Union Drilling has a history of 29 workplace safety violations at drilling sites in Pennsylvania, West Virginia, Arizona, Colorado and New York since July 2005, for which it paid more than $226,000 in penalties, according to the federal Department of Labor Occupational Safety and Health Administration's online inspections database.

The well was permitted to AB Resources of Brecksville, Ohio, the operator, but owned by Dallas-based Chief Oil & Gas, which since 2007 has drilled approximately 15 other Marcellus shale gas wells in West Virginia and about 60 in Pennsylvania. A subsidiary, Chief Gathering LLC, also operates natural gas pipelines in Bradford, Clearfield, Fayette, Lycoming and Susquehanna counties in Pennsylvania.

Ms. Gittins said drilling had progressed to about 1,000 feet deep when the explosion occurred.

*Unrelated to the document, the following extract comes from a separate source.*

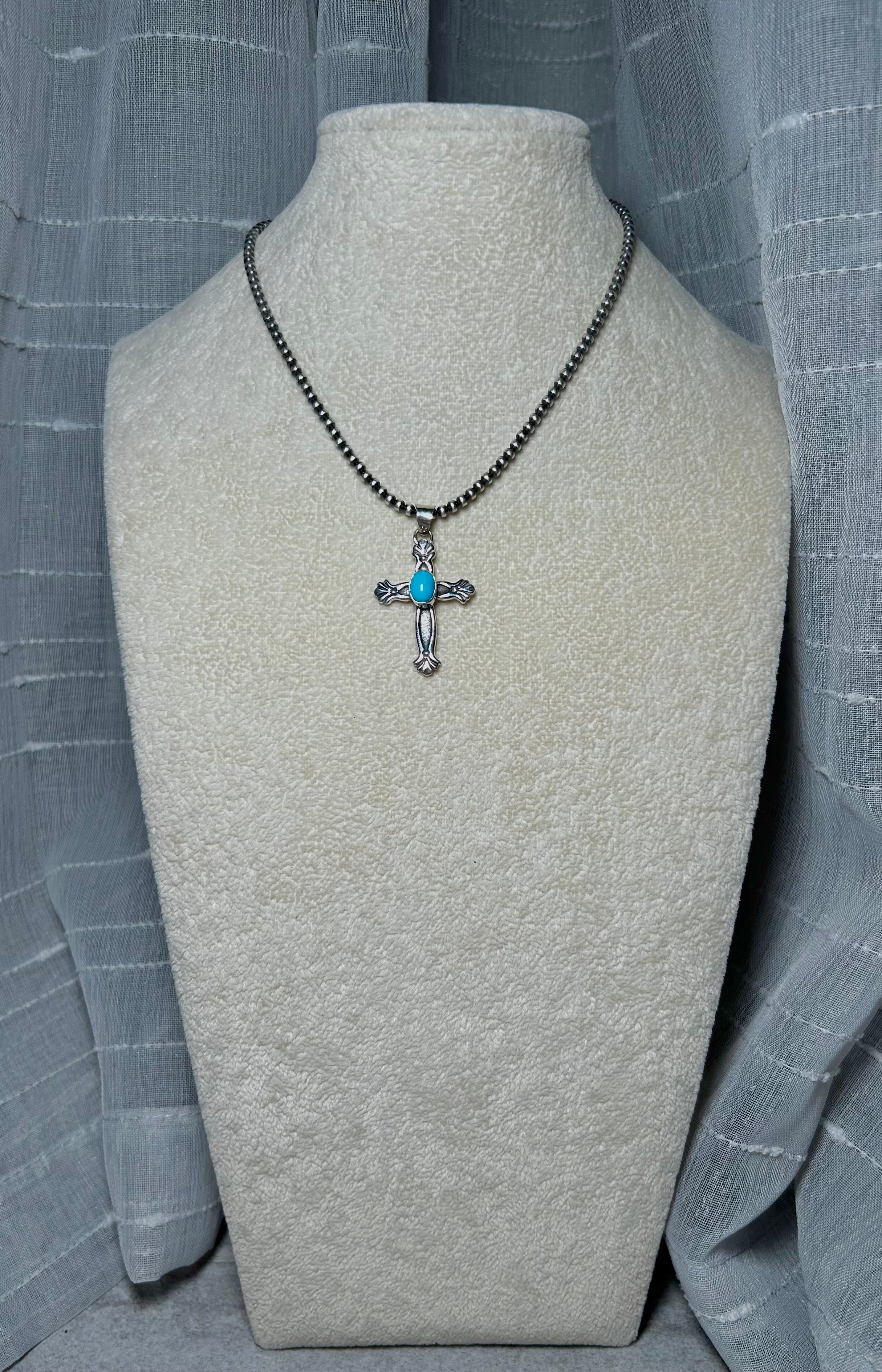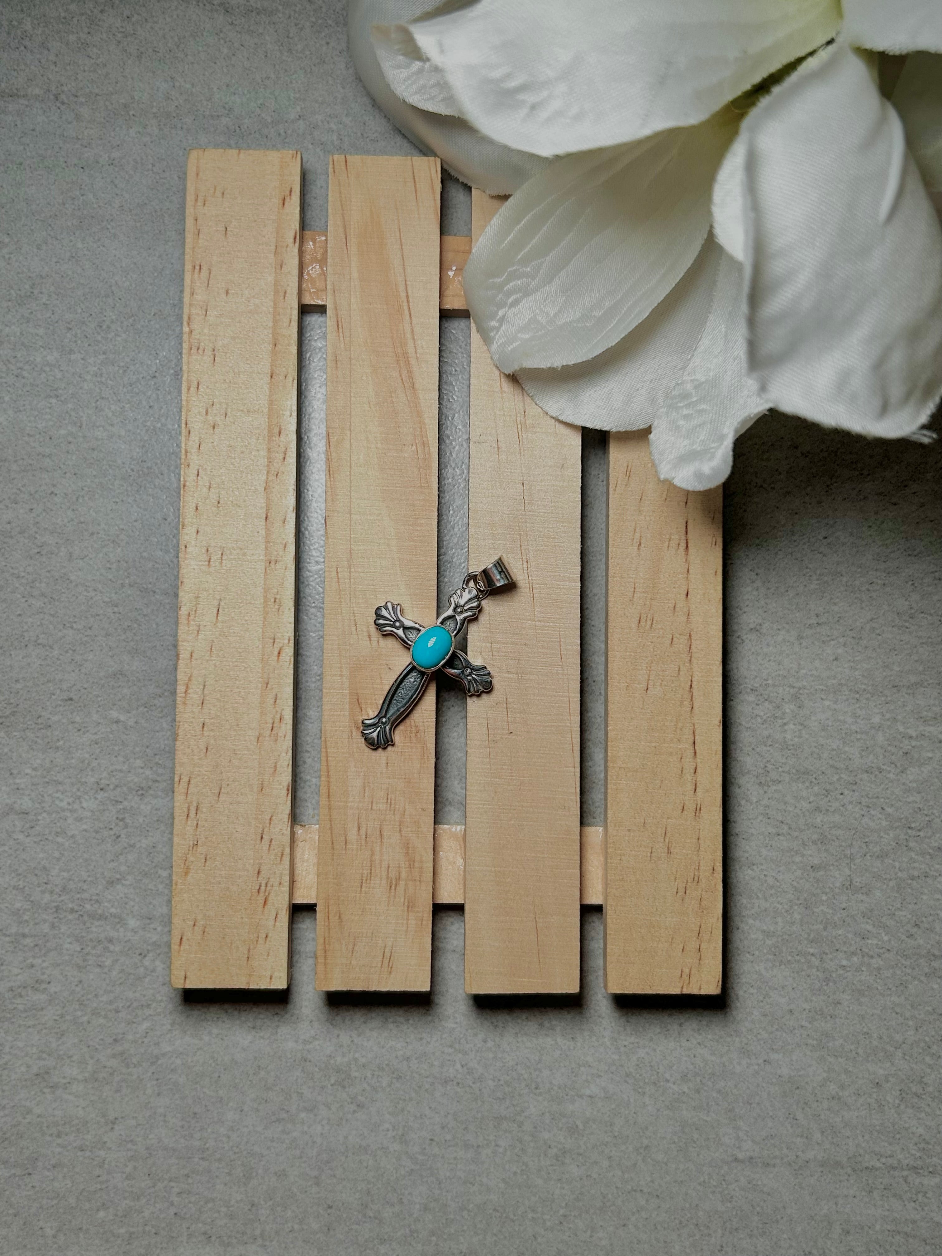 Navajo Made Kingman Turquoise & Sterling Silver Pendant

"Nothing we did was unusual or unexpected. What caused the fire has yet to be determined, but you can hit pockets of gas, that's not uncommon," Ms. Gittins said. "We had it contained fairly quickly, the area was secured, there was no evacuation and the damage was limited to the [well] pad site."

She said Chief has used Union Drilling for seven to 10 years, "and this is the first incident we've had."

The well continues "flaring," or burning, gas "which is what you want to happen," she added.

During a late afternoon news conference Monday, officials said that Wild Well Control officials from Houston arrived at the scene about 1 a.m. with expectations of extinguishing the blaze within days.

Ms. Gittins acknowledged that Chief Oil & Gas had not contacted firefighters or emergency officials in West Virginia prior to drilling but now plans to meet with officials. She said the company had met with emergency officials in Pennsylvania prior to drilling there.

Despite a lack of training in gas-well fires, volunteer firefighters were able to prevent the blaze from spreading off the pad. Late Monday, crews were busy removing equipment from the site, with additional plans to drain holding ponds on the property.

The West Virginia explosion is the second major accident at a Marcellus shale drilling operation in four days. On Friday, natural gas and drilling fluids containing toxic pollutants escaped in a "blowout" from a Marcellus shale well operated by EOG Resources in Clearfield County on private property adjacent to the Moshannon State Forest.